The specification for Derived::g( ) is acceptable because DerivedException
“is-a” BaseException (not the other way around). You can think of Base/Derived
and BaseException/DerivedException as parallel class hierarchies; when
you are in Derived, you can replace references to BaseException
in exception specifications and return values with DerivedException.

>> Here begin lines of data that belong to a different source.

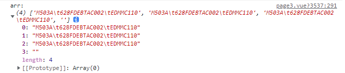 两个 filter 方法是为了过滤掉空字符串,从上面打印的 arr 可以看到,通过 \r\n 做拆分时最后会留有一个空字符串,再通过 \t 做拆分时,每行数据最后实际也会拆分出一个字符串,所以需要 filter 进行一下过滤,打印值如下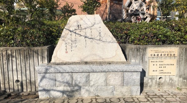 日本遺産認定を記念し、近鉄信貴山下駅前広場に万葉歌碑を建立致しました。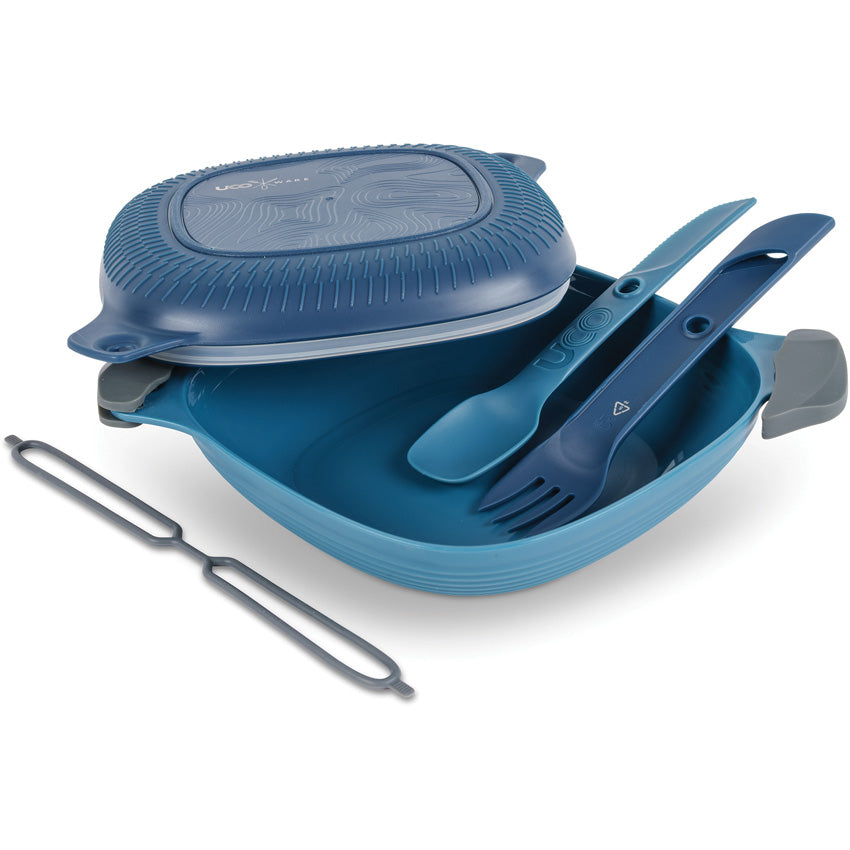 Dimensions: 8" x 8" x 3". Dishwasher safe. Includes: ECO bowl/container; ECO plate/lid; ECO Switch Spork (2 pieces); Tether. Locking lid with silicone gasket ensures leak-proof seal. BPA and Phthalate free. Color: Ocean (dark blue and light blue). Recycled polypropylene, silicone, reinforced nylon construction.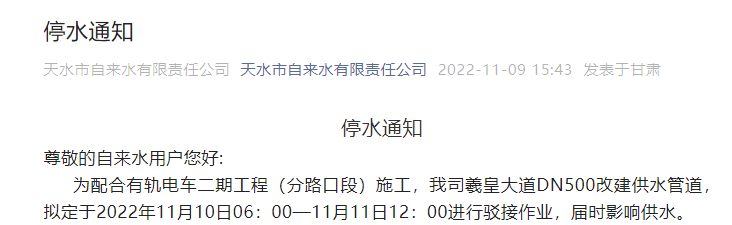 为配合有轨电车二期工程(分路口段)施工,我司羲皇大道DN500改建供水管道,拟定于2022年11月10日06:00—11月11日12:00进行驳接作业,届时影响供水。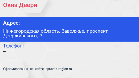 Окна, Двери по адресу Нижегородская область, Заволжье, проспект Дзержинского, 3 в дальнейшем Организация, размещена в следующих категориях: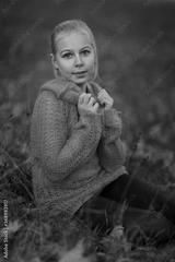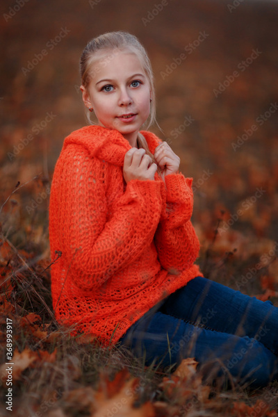 a girl with blond hair in an orange sweater sits in an autumn forest or park and looks at the camera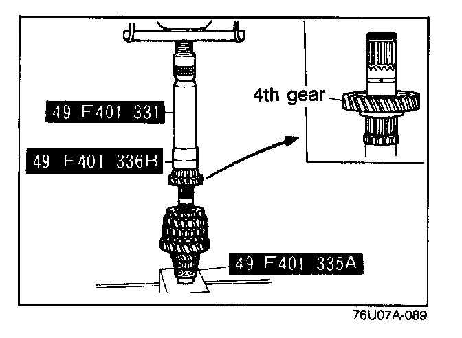 1. After supporting 2nd gear, press on the bearing outer race (engine side) using the body (49 F401 331) and attachment A (49 F401 335A) of the bearing installer.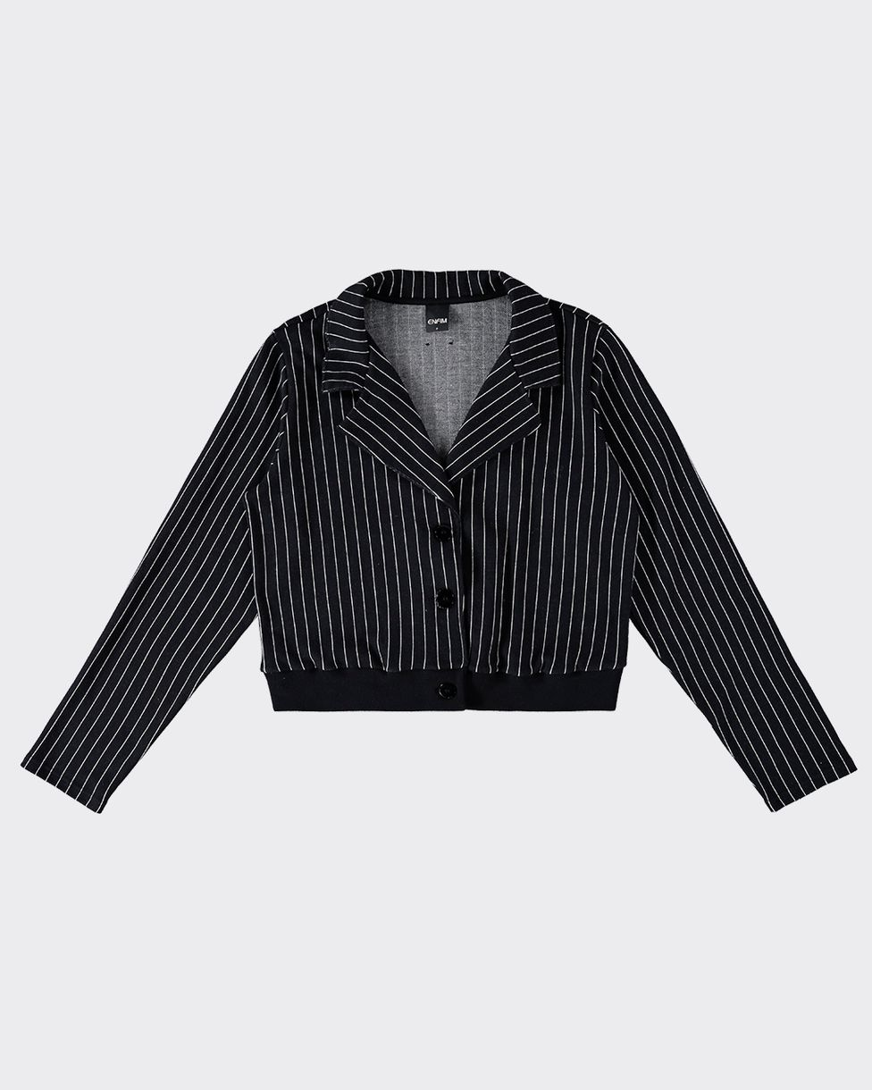 Blazer Cropped Feminino Em Malha Jacquard Listrada - ENFIM

This behavior is called covariance (since both sets of classes vary down their respective hierarchies together). (Reminder from Volume 1: parameter types are not
covariant—you are not allowed to change the signature of an overridden virtual
function.)
If you peruse the function declarations throughout the Standard C++ library, you’ll find that not a single exception specification occurs
anywhere! Although this might seem strange, there is a good reason for this
seeming incongruity: the library consists mainly of templates, and you never
know what a generic type or function might do. For example, suppose you are
developing a generic stack template and attempt to affix an exception
specification to your pop function, like this:
T pop() throw(logic_error);
Since the only error you anticipate is a stack underflow,
you might think it’s safe to specify a logic_error or some other
appropriate exception type. But type T’s copy constructor could throw an
exception. Then unexpected( ) would be called, and your program
would terminate. You can’t make unsupportable guarantees. If you don’t know
what exceptions might occur, don’t use exception specifications. That’s why
template classes, which constitute the majority of the Standard C++ library, do
not use exception specifications—they specify the exceptions they know about in
documentation and leave the rest to you. Exception specifications are
mainly for non-template classes.
In Chapter 7 we’ll take an in-depth look at the containers
in the Standard C++ library, including the stack container. One thing
you’ll notice is that the declaration of the pop( ) member function
looks like this:
You might think it strange that pop( ) doesn’t
return a value. Instead, it just removes the element at the top of the stack.
To retrieve the top value, call top( ) before you call pop( ).
There is an important reason for this behavior, and it has to do with exception
safety, a crucial consideration in library design. There are different
levels of exception safety, but most importantly, and just as the name implies,
exception safety is about correct semantics in the face of exceptions.
Suppose you are implementing a stack with a dynamic array
(we’ll call it data and the counter integer count), and you try
to write pop( ) so that it returns a value. The code for such a pop( )
might look something like this:
template<class T> T stack<T>::pop() {
if(count == 0)
throw logic_error("stack underflow");
else
return data[--count];
}
What happens if the copy constructor that is called for the
return value in the last line throws an exception when the value is returned?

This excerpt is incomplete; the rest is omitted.